Powered by Linux kernel 6.2 and the Mesa 23 graphics stack, Fedora Linux 38 includes the recently released GNOME 44 “Kuala Lumpur” desktop environment for its flagship Workstation edition, which comes with numerous new features and improvements like a new lock screen, new Quick Settings, new accessibility settings, and much more.

The Fedora Linux 38 Spins ship with new desktop environment releases as well, including KDE Plasma 5.27 LTS, Xfce 4.18, Cinnamon 5.6, LXQt 1.2.0, MATE 1.26, Budgie 10.7, LXDE, i3, and SoaS desktop flavors. Talking about Spins, two new ones have been introduced in this release, Fedora Budgie and Fedora Sway Spins featuring the Budgie desktop environment and Sway tiling window manager respectively.
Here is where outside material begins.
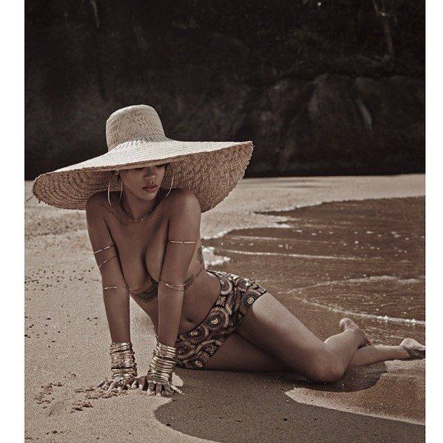 Рианне не нужно особо стараться чтобы выглядеть гламурно. Ей даже не нужно одевать футболку для этого.

Other noteworthy changes in Fedora Linux 38 include a new image for the AArch64 (ARM64) architecture that features the lightweight LXQt desktop environment, which might come in handy for those who want to use Fedora Linux on single-board computers like the Raspberry Pi.

Furthermore, this release shortens the shutdown times, enables Wayland by default for the SDDM login manager, adds stricter SSH host keys permissions, offers support for persistent overlays for the live media when flashed to USB sticks, and brings you an unfiltered Flathub repository for a better Flatpak app experience.

“This change would remove the filtering from our Flathub offering so that users can enable a complete version of Flathub using the third-party repositories feature. In the graphical software manager app, Flathub packages will only be selected by default when no Fedora package is available,” said the Fedora Project.

But wait, there’s more as Fedora Linux 38 also brings a new installer called “Simplified Installer” for the Fedora IoT edition to make it easier to create and deploy customized Fedora IoT disk images, replaces dmraid with mdadm to support BIOS RAID (Firmware RAID or Fake RAID) during installations, as well as frame pointers built into the official packages.

Talking about the packages included in the new Fedora Linux release, you should know that they’re built with stricter compiler flags to protect them against buffer overflows. On top of that, the RPM package manager now uses a Sequoia-based OpenPGP parser instead of its own implementation to provide you with better overall security when using Fedora Linux.

Under the hood, Fedora Linux 38 features an up-to-date GNU toolchain consisting of GCC 13.0, GNU Binutils 2.39, GNU C Library 2.37, GNU Make 4.4, and GDB (GNU Debugger) 12.1. Also included are Golang 1.20, LLVM 16, Ruby 3.2, ImageMagick 7.x, SWIG 4.1.0, PHP 8.2, PostgreSQL 15, GHC Haskell 9.2, libpinyin 2.8, and other components.

You can download your favorite Fedora Linux 38 edition right now from the official website. Existing Fedora Linux 37 users will also be able to upgrade their installations starting today via the GNOME Software app if they use Fedora Workstation or the command line on other editions following the official upgrade instructions.